┌────────
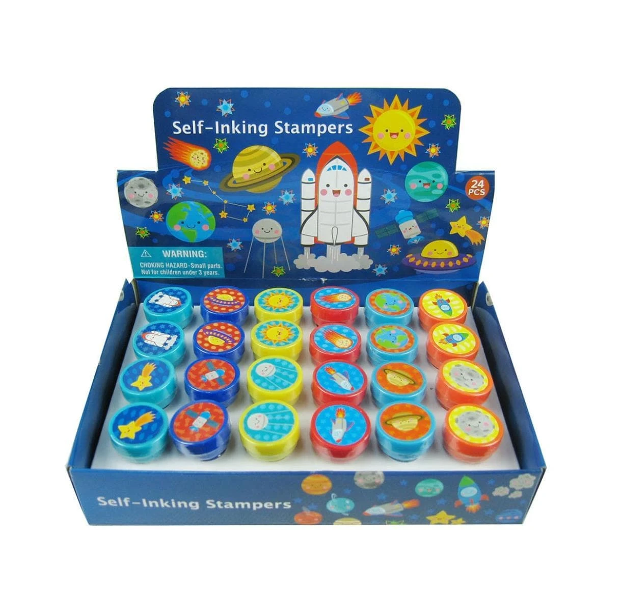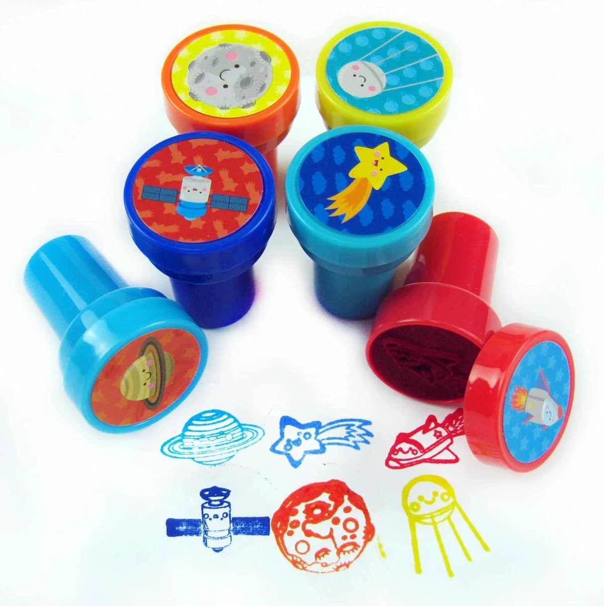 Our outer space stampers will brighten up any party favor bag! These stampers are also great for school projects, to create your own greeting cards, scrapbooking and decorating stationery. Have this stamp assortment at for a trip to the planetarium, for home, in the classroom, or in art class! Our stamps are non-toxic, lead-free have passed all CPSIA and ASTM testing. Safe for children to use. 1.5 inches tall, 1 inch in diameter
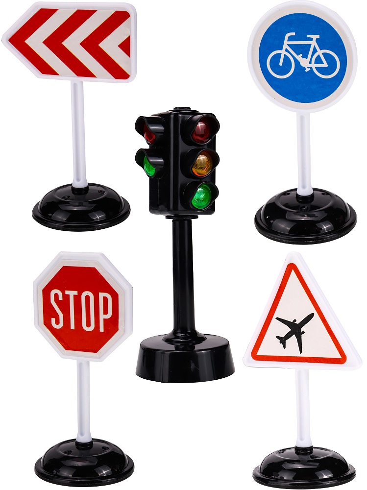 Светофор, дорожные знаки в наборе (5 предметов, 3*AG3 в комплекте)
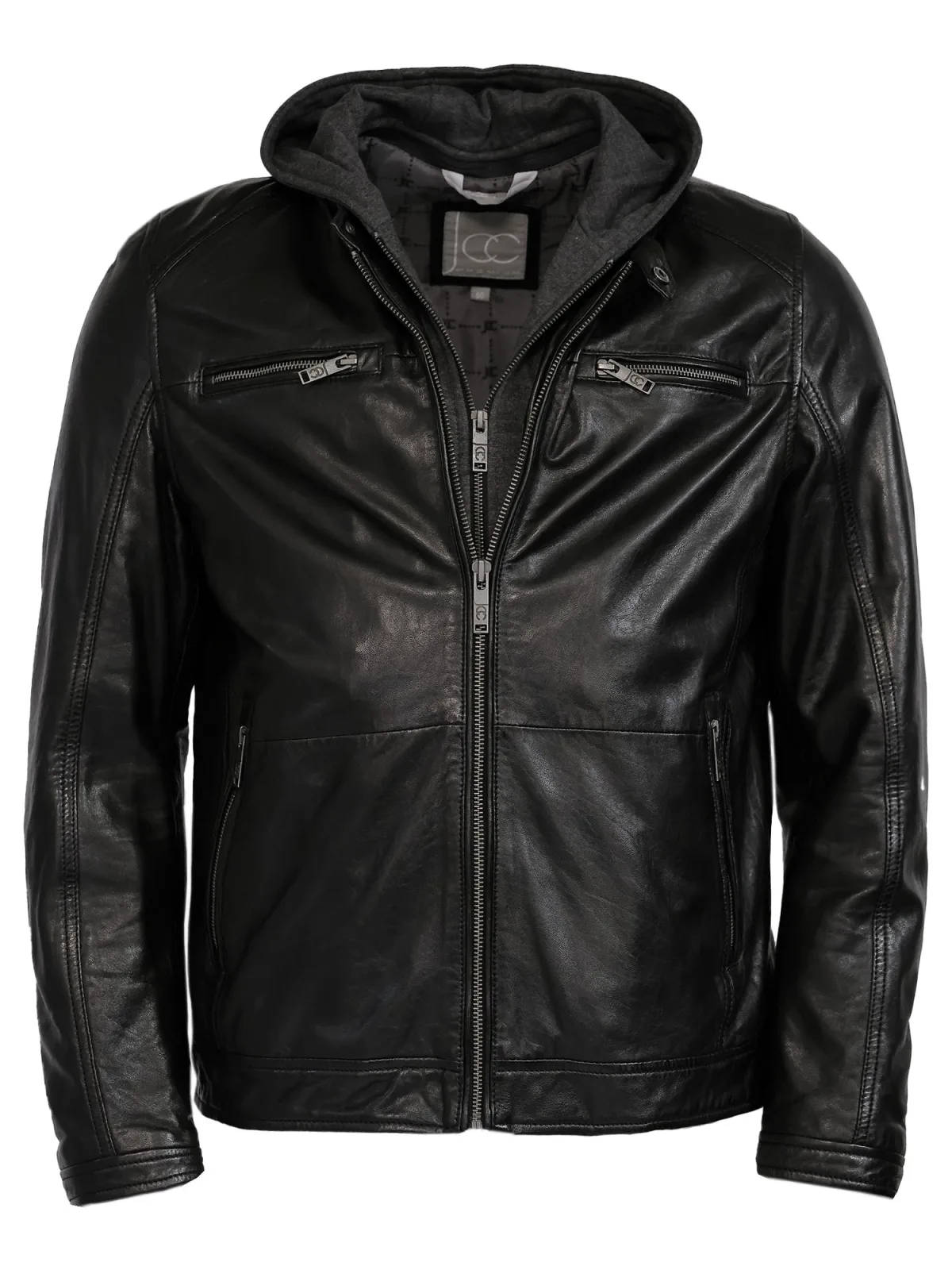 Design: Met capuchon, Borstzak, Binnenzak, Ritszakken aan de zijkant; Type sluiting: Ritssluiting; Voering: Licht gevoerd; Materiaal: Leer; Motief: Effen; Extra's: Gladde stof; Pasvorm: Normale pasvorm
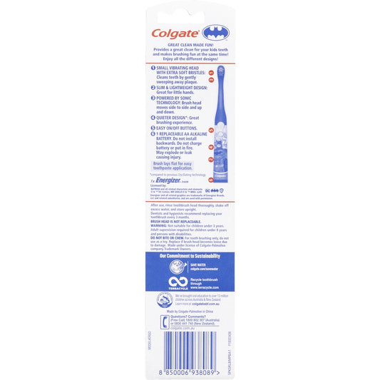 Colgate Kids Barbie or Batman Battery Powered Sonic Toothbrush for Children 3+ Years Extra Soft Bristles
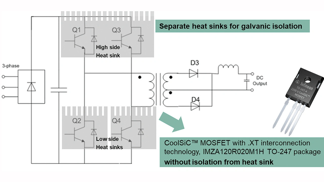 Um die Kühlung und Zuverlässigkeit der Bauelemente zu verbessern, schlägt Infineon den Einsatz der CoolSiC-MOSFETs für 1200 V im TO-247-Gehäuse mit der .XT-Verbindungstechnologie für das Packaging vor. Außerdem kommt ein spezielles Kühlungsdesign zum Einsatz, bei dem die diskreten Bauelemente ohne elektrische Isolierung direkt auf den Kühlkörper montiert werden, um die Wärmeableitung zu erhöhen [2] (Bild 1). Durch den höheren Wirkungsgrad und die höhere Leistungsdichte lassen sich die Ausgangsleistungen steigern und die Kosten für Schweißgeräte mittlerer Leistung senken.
└────────
#### EXERCISE REQUIREMENTS:
Nothing but the lines from the one containing "Design: Met capuchon, Borstzak, Binnenzak, Ritszakken" through the final line of the records, both included and copied exactly, should appear in the answer; pictures stay out.

#### RESULT:
 Design: Met capuchon, Borstzak, Binnenzak, Ritszakken aan de zijkant; Type sluiting: Ritssluiting; Voering: Licht gevoerd; Materiaal: Leer; Motief: Effen; Extra's: Gladde stof; Pasvorm: Normale pasvorm
 Colgate Kids Barbie or Batman Battery Powered Sonic Toothbrush for Children 3+ Years Extra Soft Bristles
 Um die Kühlung und Zuverlässigkeit der Bauelemente zu verbessern, schlägt Infineon den Einsatz der CoolSiC-MOSFETs für 1200 V im TO-247-Gehäuse mit der .XT-Verbindungstechnologie für das Packaging vor. Außerdem kommt ein spezielles Kühlungsdesign zum Einsatz, bei dem die diskreten Bauelemente ohne elektrische Isolierung direkt auf den Kühlkörper montiert werden, um die Wärmeableitung zu erhöhen [2] (Bild 1). Durch den höheren Wirkungsgrad und die höhere Leistungsdichte lassen sich die Ausgangsleistungen steigern und die Kosten für Schweißgeräte mittlerer Leistung senken.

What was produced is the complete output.